# Maverick ET732



## hfactor (Jun 4, 2011)

So after reading all the posts about accurate temperature readings, I purchased a Maverick ET732 digital thermometer.  The meat probe is self explanatory, but where do I place the smoker probe?  Some have recommended a block of wood with a hole drilled in it, others have suggested potatoes.  My question is what is the best location for the probe to measure smoker unit temperature?


----------



## bowhuntr09 (Jun 4, 2011)

Mine came with a springy type clip that you clip between the bars of the grate. In my WSM I try to place it in the center of the top grate. I think towards the edges is too close to the direct heat coming up the sides. I have only used mine for 2 smokes so far but I love it. I ordered mine from Todd at http://www.amazenproducts.com/, great service!!!


----------



## adiochiro3 (Jun 4, 2011)

Set the probe at grate level either through a potato or block of wood so it is not touching the metal grate or smoker sides to get an accurate cook temp reading.


----------



## hfactor (Jun 4, 2011)

Obviously the tip of the probe must be exposed to the air within the smoker, if I use a potato, then slip the probe completely through the potato...


----------



## venture (Jun 4, 2011)

I use a wood contraption I made with holes drilled at different heights.  I place the probe at about the height of the center of whatever meat I am cooking.  Having an offset smoker, I use two therms to check temps at the left and right of the pit to be sure I have relatively even temps across the grate. 

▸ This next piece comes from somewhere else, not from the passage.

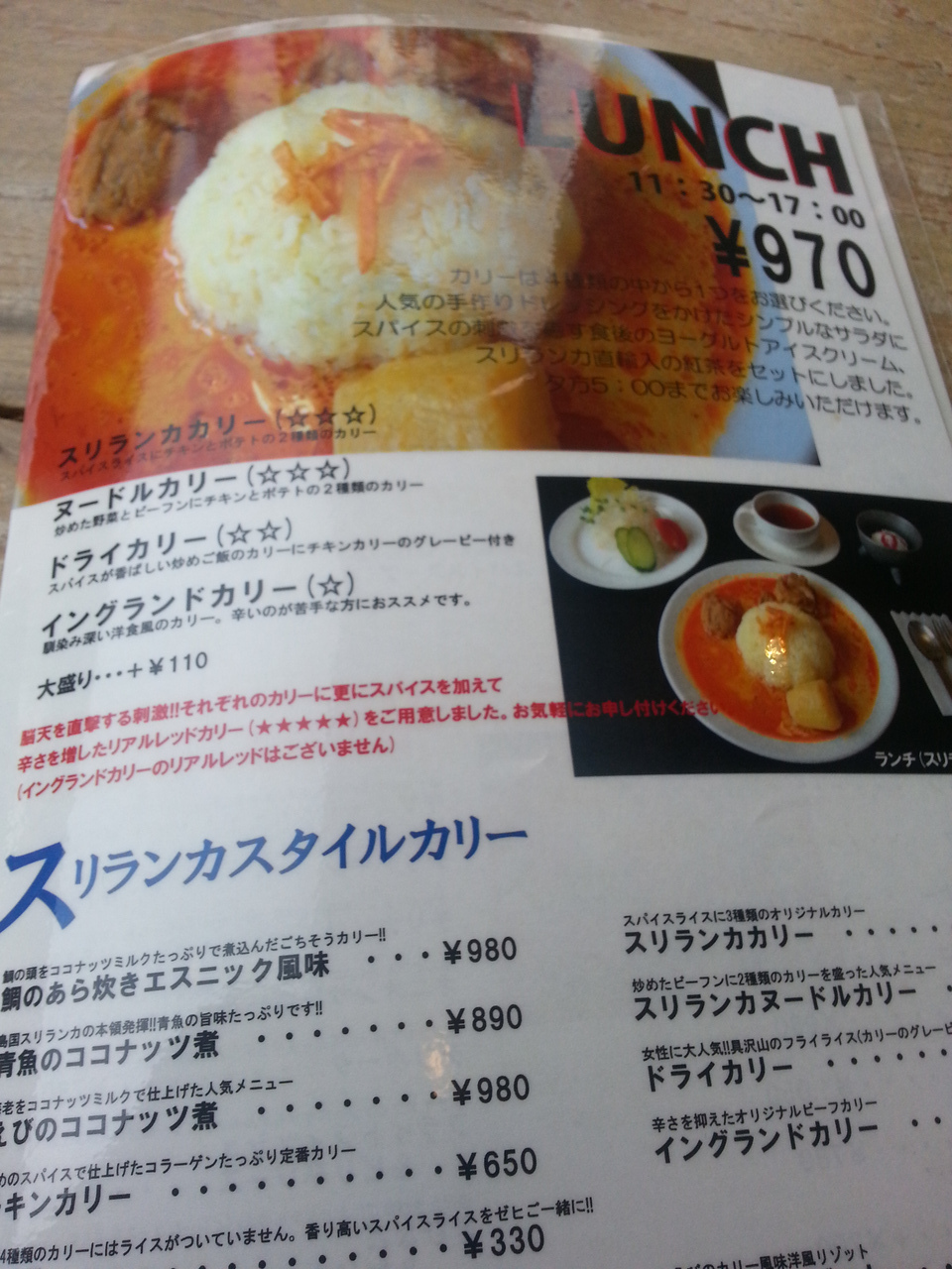 福岡で特に女性に人気のあるカレーということで行って参りました。特に目立った看板等もなく、土地勘もないので探すのに苦労しましたが、何とか到着。16時でしたがまだランチをやっているとのことなので、ランチのスリランカカレーをオーダー。出てきたのはじゃぶじゃぶのルーに鶏肉とジャガイモの至ってシンプルなカレー。一口食べるとココナッツミルクが入っているせいかタイのグリーンカレー、イェローカレーに似ています。ジワジワと辛さが込み上げてきて、汗だくになりながら何とか完食。美味しかった。病みつきになりそうです。

Good luck and good smoking.


----------



## tjohnson (Jun 4, 2011)

I use a potato on the rack I am smoking on.

If there is more than one rack, I shoot for the middle rack

Todd


----------



## wraunch (Jun 12, 2011)

Any idea where I could find an ET-732 at a retail store?


----------



## fpnmf (Jun 12, 2011)

I keep mine in a little wedge of wood,,,hahhahahahahaha


----------



## venture (Jun 12, 2011)

So I guess that is Wedgwood?

Good luck and good smoking.


----------



## tjohnson (Jun 12, 2011)

wraunch said:


> Any idea where I could find an ET-732 at a retail store?




Maverick ET-732 = $59.99

Free Shipping

Delivered by Father's Day

Use Coupon Code = ET732SHIP to get free shipping

Todd

http://www.amazenproducts.com/


----------



## wraunch (Jun 13, 2011)

I just bought an AmazeNsmoker and the ET-732.  The thermometer is for my dad's bday and I'll give him the smoker for Father's day.  I plan on helping him smoke a brisket with it on Sunday.  I'll be looking for all your tips on smoking a brisket using both of these new items this week!


----------



## jefrox01 (Jun 20, 2011)

I have the cheaper model maverick..and I just use the metal clip that it came with...is that a bad thing to do?


----------



## venture (Jun 20, 2011)

The metal clip works fine.  Some of old farts started off with wood, potatoes, chunks of bread, corks, whatever.  LOL

Good luck and good smoking.


----------



## scarbelly (Jun 20, 2011)

Venture said:


> The metal clip works fine.  Some of old farts started off with wood, potatoes, chunks of bread, corks, whatever.  LOL
> 
> Good luck and good smoking.


Hey I resemble that comment!!


----------